Brief aan informateur voor eigen achterban
De brievenbus van de informateurs Rosenthal en Wallage puilt uit. Talloze organisaties en belangenverenigingen bestoken hen tijdens de formatie met brieven om hun wensen onder de aandacht te brengen. „Het is vooral een ritueel. Inhoudelijk heeft het geen zin.”
Per dag krijgen de informateurs tachtig brieven, zei informateur Rosenthal maandagmiddag tijdens een persconferentie. „Daaruit kiezen wij die adviezen die wij voor de onderhandelaars relevant achten.”
Wie sturen die brieven? Op de website geachteformateur.nl staan enkele tientallen van die epistels. Van de VBOK bijvoorbeeld, van het Meldpunt 20 wekenecho, de Bond van Nederlandse Architecten, de PO-Raad, de Vogelbescherming, Detailhandel Nederland en het Verbond van Verzekeraars.
Drs. P. Bootsma schreef op de website een column waarin hij kanttekeningen plaatst bij de traditie om brieven te sturen aan de informateurs. Hij citeert daarin oud-informateur Hoekstra. „Stel dat een groep economen het belang wil benadrukken van een financieringstekort van maximaal 3 procent en daartoe een brief aan de informateur schrijft. Wat kan deze daarmee? Het antwoord van Hoekstra was niet verrassend, maar misschien toch wel ontluisterend: niets!”

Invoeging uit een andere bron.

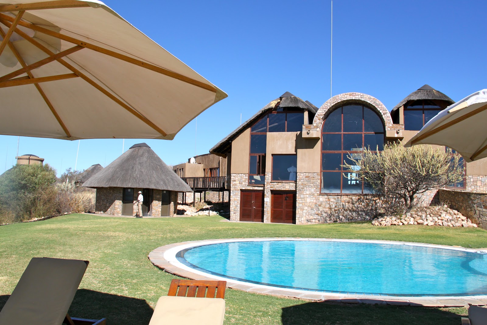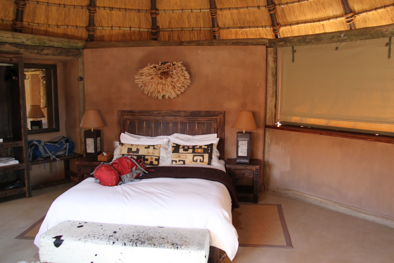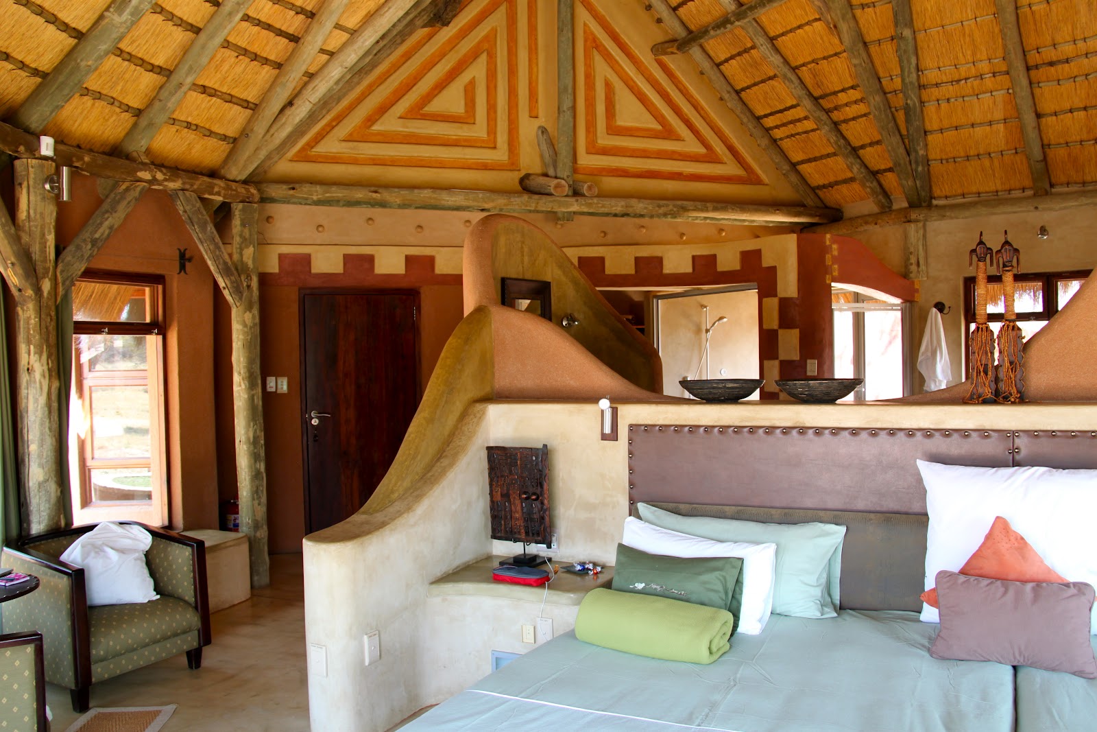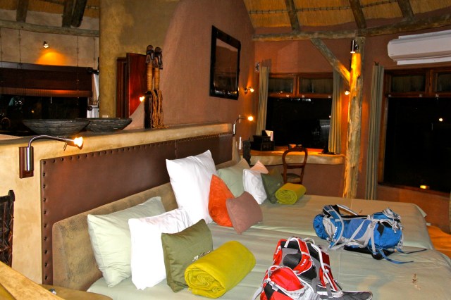 Ongava Lodge is 2 1/2 hours north of our last stop. It is just outside of Etosha Game Park, which comprises 22,000 square kilometers filled with lots of animals. It is a salt pan. Ongava Lodge has 14 huts that are up high for viewing the watering hole where many of the animals come to drink.

De speelruimte voor de informateur wordt slechts bepaald door de fractievoorzitters die met elkaar onderhandelen, tekende Bootsma verder op uit de mond van Hoekstra. „De brieven moeten dan ook niet aan de informateur, maar aan diens gesprekspartners worden gericht.”
Brieven schrijven aan de informateur is „vooral een ritueel”, licht Bootsma desgevraagd toe. „Een bij voorbaat tevergeefse poging om jouw organisatie op de kaart te zetten. Inhoudelijk heeft het geen zin.” De huidige formatiepoging tussen VVD, PvdA, GroenLinks en D66 is „op zich al ingewikkeld genoeg zonder input van derden”, aldus de onderzoeker coalitievorming aan de Universiteit Maastricht. „Compromissen komen meestal niet van buiten de kring van onderhandelaars.”
Naamsbekendheid
Tal van organisaties laten zich desondanks niet ontmoedigen en sturen toch een brief naar de informateur. M. Velthuis van de VBOK –die hulp biedt bij ongewenste zwangerschap en na zwangerschapsverlies– over de brief van haar vereniging: „Tijdens de formatie komen belangrijke onderwerpen aan de orde, zoals bezuinigingen, maar wij willen laten zien dat er meer speelt.”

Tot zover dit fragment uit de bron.